*** Begin section ***

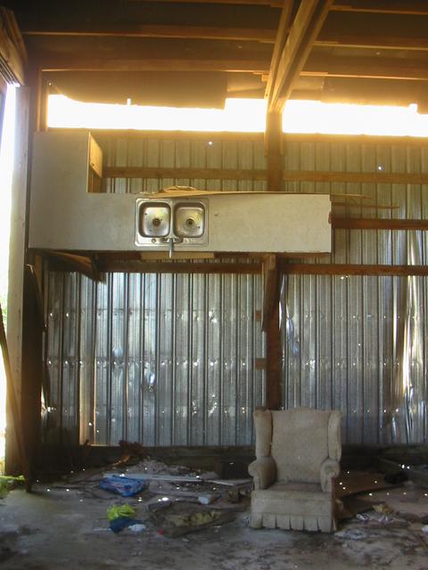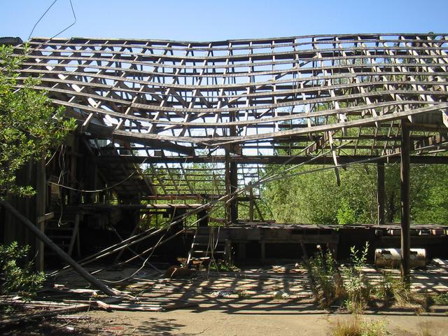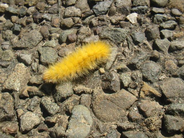 During a lonely stretch of highway, I saw a yellow caterpillar crossing the highway. I stopped because I wanted to take a picture of it as it reached the yellow lines at the centre of the street. It was quite suspenseful watching it cross the highway as multiple cars came along and narrowly missed it. Unfortunately, I think I caused its death when my presence caused a logging truck to move toward the centre of the highway and run it over. I felt pretty stupid afterwards, since I could have just picked it up and moved it to where I wanted it, and then brought it to the other side of the road. This stretch of highway also had several abandoned, dilapitated old industrial buildings that were fun to explore.
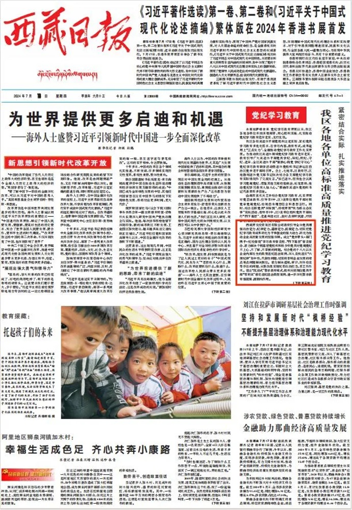 編者按:7月18日,西藏日報報道了《緊密結合實際 扎實推進落實 我區(qū)各地各單位高標準高質量推進黨紀學習教育》文章。摘要如下:
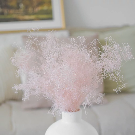 | A csokor 40 cm magas. Apró virágaival méltán nevezhető az egyik legmutatósabb szárazvirágnak. Ez a verzió preparált, a virágok tapintásra inkább "nedvesnek", mintsem száraznak érződnek. Nem hullik, ilata nincs. | |
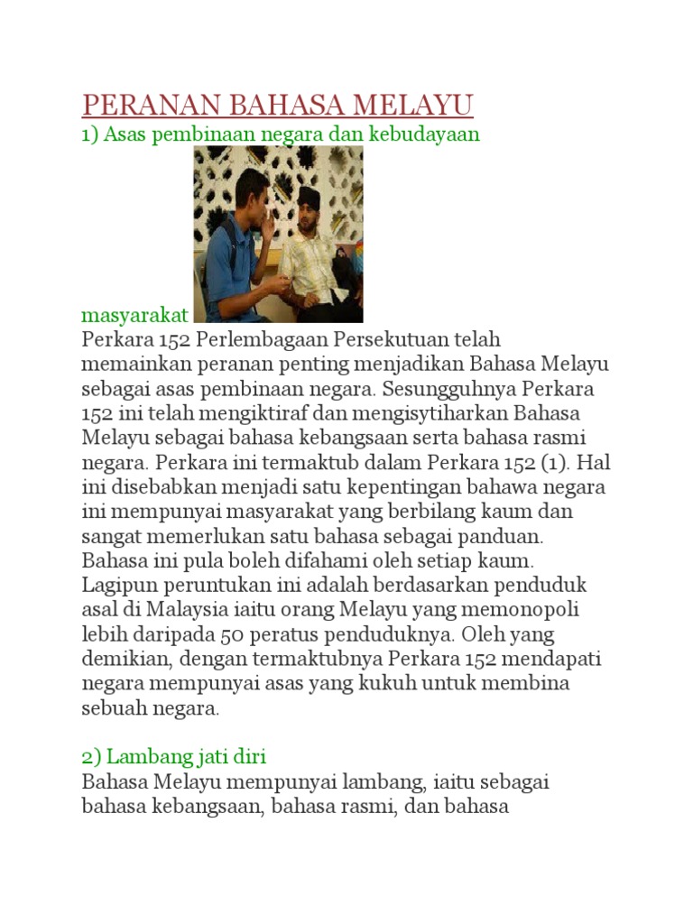 Bahasa Melayu Sebagai Bahasa Rasmi Negara
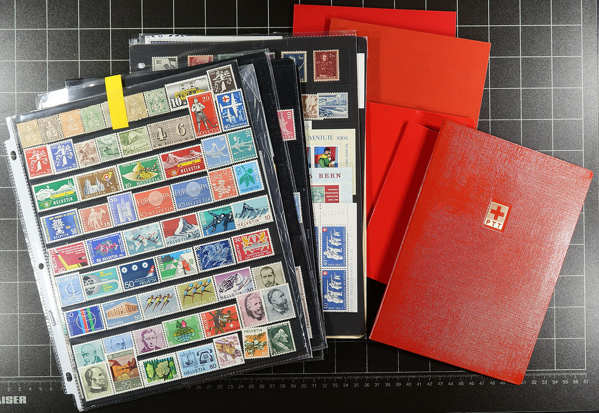 Nice group of primarily never hinged Switzerland, 1880's-2005, containing roughly 650 stamps in a handful of stock pages. The lot contains a wide variety of items, generally ranging from Scott #60/1193, including several semi-postal sets, some souvenir sheets, coils, plate blocks, a few year sets, and more. We note a few items cataloguing in the $10 to $20 range. A nice clean lot for all collectors. Owner's older Scott (unknown year) US$1,076.00 =
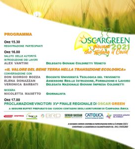 Ottanta i concorrenti in gara, tutti diplomati o laureati. Una media di 20 ettari ciascuno pari a 1600 ettari di campagna presidiata e salvaguardata. Allevano, coltivano e soprattutto innovano. Sono i candidati dell’Oscar Green premio che ogni anno Coldiretti dedica alle nuove generazioni dei campi. La cerimonia finale regionale della XV^ edizione si terrà in terra palladiana nella Villa Godi Malinverni di Lugo di Vicenza DOMANI 7 OTTOBRE ALLE ORE 15.30. “Sono i talenti del territorio – commenta Alex Vantini delegato di Giovani Impresa – gareggiano con progetti imprenditoriali legati alla tradizione con uno spiccato indirizzo moderno”. Suddivisi in sei categorie: Campagna Amica, Impresa 5.Terra, Creatività, Fare Rete, Noi per il sociale, Sostenibilità si confronteranno su vari ambiti come quello del risparmio energetico, dell’alta tecnologia, dei servizi sociali e della filiera corta. “Un’ esplosione di creatività _ aggiunge Alex Vantini – che solo la campagna può stimolare”. La cerimonia sarà anticipata da talk show moderato dalla giornalista Nicoletta Masetto sul tema:” Il valore del bene terra nella transizione ecologica”. Interverranno Don Giorgio Bozza docente Università teologica del Triveneto, Elena Donazzan assessore regionale istruzione formazione e lavoro e Veronica Barbati delegata nazionale Giovani Impresa Coldiretti. A seguire l’inizio ufficiale delle premiazioni che sarà salutato da Nicola Finco Vice presidente del Consiglio Veneto. Oltre ai vincitori saranno proclamati anche i finalisti che rappresenteranno il Veneto nella sfida nazionale. L' iniziativa è sostenuta dal Consorzio AgriNordEst, da ForGreen (compagnia che si occupa di sviluppo sostenibile e della vendita di energia pulita), dal Gruppo Maschio Gaspardo (una multinazionale leader nella produzione di attrezzature agricole), dal Gruppo Cattolica Assicurazioni, da Sergio Bassan uno dei maggiori concessionari John Deere in Italia e da BRD Biogas Refinery Development srl di Cittadella (PD).
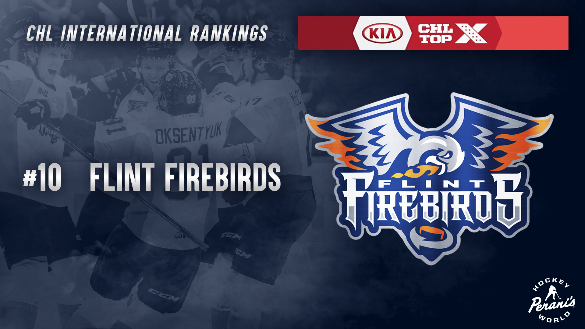 Flint, Mich. – For just the second time in franchise history, the Firebirds are internationally ranked. The Firebirds are listed at #10 in this week’s CHL Top-10 Rankings, presented by Kia.
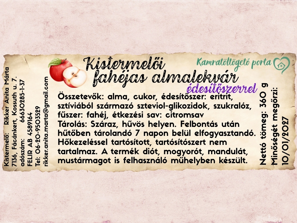 Összetevők: alma, cukor, édesítőszer: eritrit, sztíviából származó szteviol-glikozidok, szukralóz, fűszer: fahéj, étkezési sav: citromsav Tárolás: Száraz, hűvös helyen. Felbontás után hűtőben tárolandó 7 napon belül elfogyasztandó. Hőkezeléssel tartósított, tartósítószert nem tartalmaz. A termék diót, mogyorót, mandulát, mustármagot is felhasználó műhelyben készült. Nettó tömeg: 360 g

*** End section ***

→ GOAL OF THE EXERCISE: The stretch to restate runs from the line above containing "ilata nincs. | |" through the line containing "Nice group of". Copy it word for word, ends included, without pictures.

→ RESULT FOR THIS TASK:
 | A csokor 40 cm magas. Apró virágaival méltán nevezhető az egyik legmutatósabb szárazvirágnak. Ez a verzió preparált, a virágok tapintásra inkább "nedvesnek", mintsem száraznak érződnek. Nem hullik, ilata nincs. | |
 Bahasa Melayu Sebagai Bahasa Rasmi Negara
 Nice group of primarily never hinged Switzerland, 1880's-2005, containing roughly 650 stamps in a handful of stock pages. The lot contains a wide variety of items, generally ranging from Scott #60/1193, including several semi-postal sets, some souvenir sheets, coils, plate blocks, a few year sets, and more. We note a few items cataloguing in the $10 to $20 range. A nice clean lot for all collectors. Owner's older Scott (unknown year) US$1,076.00 =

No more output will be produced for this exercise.